В рекламах The Ketchup Advisory Board мягкость и неторопливость всегда возвращается, когда персонажи получают дозу кетчупа, и точно так же химия мозга и сон в итоге всегда побеждают эффект кофеина. Но люди, судя по всему, получают удовольствие от ощущений, возникающих в результате обмана собственного мозга ради временного прилива бодрости и, как и пчелы, стремятся к нему снова и снова. Всего пара-тройка пчел может привести весь рой к цветкам с кофеином — и так же пристрастие к кофе изменило путь развития человеческих сообществ. На Западе, как полагают историки, кофе помог подготовить почву и для эпохи Просвещения, и для последовавшей за ней промышленной революции. И все это началось с изменений в утренней трапезе.
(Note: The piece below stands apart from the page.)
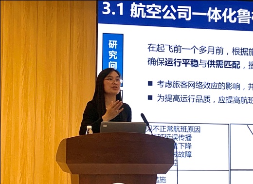 孙小倩教授在报告会上从枢纽选址问题模型与算法、航空公司一体化鲁棒优化排班这两个方面来介绍航空交通网络运行优化问题这一课题。她表示,航空相较于其他交通运输方式,在速度快、效率高的同时,对安全、航空运输精细化运营有着极高的要求。如何在交通流量日益增长、运行环境复杂多变的条件下合理安排生产调度,是全行业面临的重大挑战。

Рекламщики знают фразу «завтрак для чемпионов» как образцовый рекламный слоган, которым бренд пшеничных хлопьев «Уитиз» (Wheaties) пользовался 80 лет. Однако для студентов в университетских городках и общежитиях эти хлопья не считаются «завтраком для чемпионов», пока их не зальют щедрой порцией пива. Это сочетание объявляется лекарством от последствий ночных возлияний, действующим по принципу «рюмки с похмелья», но мало кто осмеливается попробовать неаппетитное на вид месиво больше одного раза. Осоловевшие после ночной попойки старшекурсники, вероятно, удивятся, узнав, что люди по всей Центральной и Северной Европе каждый день начинали завтраком такого рода на протяжении более девяти веков. До пришествия кофе «пивной суп» был обычным утренним блюдом. В стандартном рецепте горячим пивом заливали хлеб или кашу с яйцами, маслом, сыром или сахаром, который добавляли по особым случаям. Эта смесь обеспечивала людей всех возрастов углеводами, калориями и, хотя пиво обычно было слабым, состоянием легкого подпития. Фактически пивной суп служил началом долгого пивного дня. Наряду с хлебом домашний эль и другое пиво входили в каждый прием пищи, представляя собой важный, богатый питательными веществами компонент средневекового рациона. Даже в XVII в., когда кофе начал укреплять свои позиции в мире, подушное потребление пива в Северной Европе варьировало от 156 до 700 л в год, а 300 — 400 л считались нормой. Современные нормы в сравнении с этими цифрами выглядят бледно: американцы выпивают мизерные 78 л в год, британцы и того меньше — 74 л, и даже любящие пиво немцы осиливают всего лишь 107 л.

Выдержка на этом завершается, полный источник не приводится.